Ein Thema des Jugendschutgesetzes ist das übrigens nicht, weil das, was man landläufig Jugendschutzgesetz nennt mit vollem Namen Gesetz zum Schutz der Jugend in der Öffentlichkeit heisst. Der Schutz der Jugend im privaten Rahmen ist Thema des Buches 4 (Familienrecht) des Bürgerlichen Gesetzbuches (BGB), und im konkreten Zusammenhang geht es um § 1666 BGB (http://www.gesetze-im-internet.de/bgb/__1666.html).

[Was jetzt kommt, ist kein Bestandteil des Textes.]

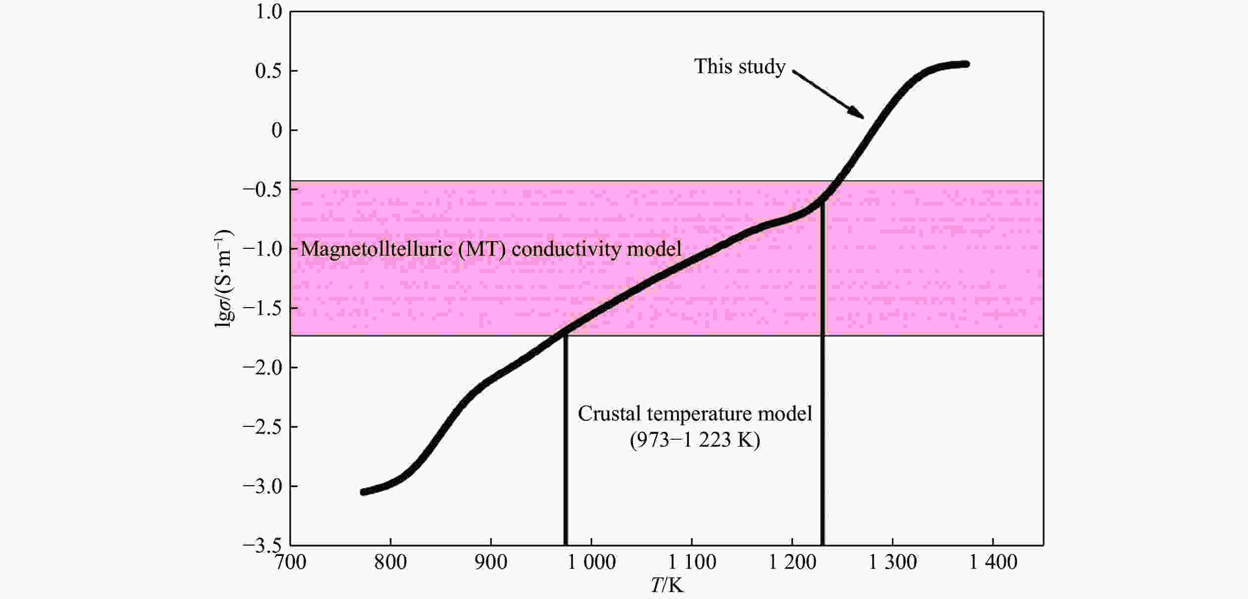 摘要: 大地电磁测深结果显示青藏高原中上地壳存在高导层,而花岗岩是地壳岩石的主要组成部分,在地壳演化过程中发挥着重要作用。在高温高压下开展花岗岩部分熔融时电导率实验对认识青藏高原地壳电性结构及地壳演化过程具有重要意义。在0.5~2.0 GPa压力、773~1 373 K温度条件下测量花岗岩的电导率。实验结果表明:在温度为773~1 223 K时,样品的活化焓为1.01~1.09 eV;在温度为1 223~1 373 K时,样品的活化焓为2.16~2.97 eV。不同温度段内活化焓的变化可能与花岗岩样品中黑云母的脱水熔融有关,推断花岗岩部分熔融时导电机制为离子导电,Na+起主导作用。将实验测得的电导率与西藏高导层地壳温度背景结合发现:在973~1 223 K范围内实验电导率值在0.016~0.310 S/m范围内,与大地电磁测深数据吻合较好,表明西藏地壳高导层的成因与花岗岩部分熔融关系较为密切。Abstract: Magnetotelluric (MT) surveys reveal that high conductivity layer appear in the upper crust beneath Tibet. Granite is the main rocks composed of upper crust, playing an important role in the process of crustal evolution. Electrical conductivity of granite during partial melting is of great significance to understanding the conductivity structure of Tibetan Plateau crust and the crustal evolution process. Electrical conductivity of granite collected from the Tibet was conducted under the conditions of 0.5-2.0 GPa and 773-1 373 K. The activation enthalpies of 1.01-1.09 eV and 2.16-2.97 eV are derived from 773 to 1 223 K and from 1 223 to 1 373 K, respectively. The change of activation enthalpy in different temperature zones may be related to the partial melting of granite induced by the biotite dehydration. Combining the experimental results and geothermal gradient of Tibet, we found that the experimental conductivity values fell between 0.016 S/m and 0.310 S/m in the temperature range of 973-1 223 K, which was in good agreement with the magnetotelluric sounding data. This may indicate that there is a close relationship between the genesis of the high conductivity layer and the partial melting of granite.

Dir ist ja offenbar bewusst, dass es darum geht, Dein Kind von den Inhalten Deiner Tätigkeit abzuschirmen. Wenn Dir das gelingt, sehe ich kein Problem. Auf rein praktischer Ebene ist es vielleicht noch mal eine Überlegung wert, ob das wirklich funktioniert. Jedes Kind schläft gelegentlich mal schlecht oder hat schlimme Träume und kommt dann vielleicht auch mitten in der Nacht zur Mama. Ich denke, für solche Situationen solltest Du - unabhängig von Gedanken an's Jugendamt - einen Plan haben und/oder eine Absprache mit dem Unternehmen, wann Du zum sofortigen Abbruch von Gesprächen berechtigt bist, denn gleichzeitig kannst Du die beiden Rollen, die dann von Dir erwartet werden, nicht ausüben.

Sonne73
15.04.2007, 21:56
Mich würde interessieren, ob die AE Mutter einen Weg gefunden hat, und ob sie wirklich dem Arge den Vertrag vorgelegt hat, denn meiner Meinung nach braucht man das doch nicht, oder?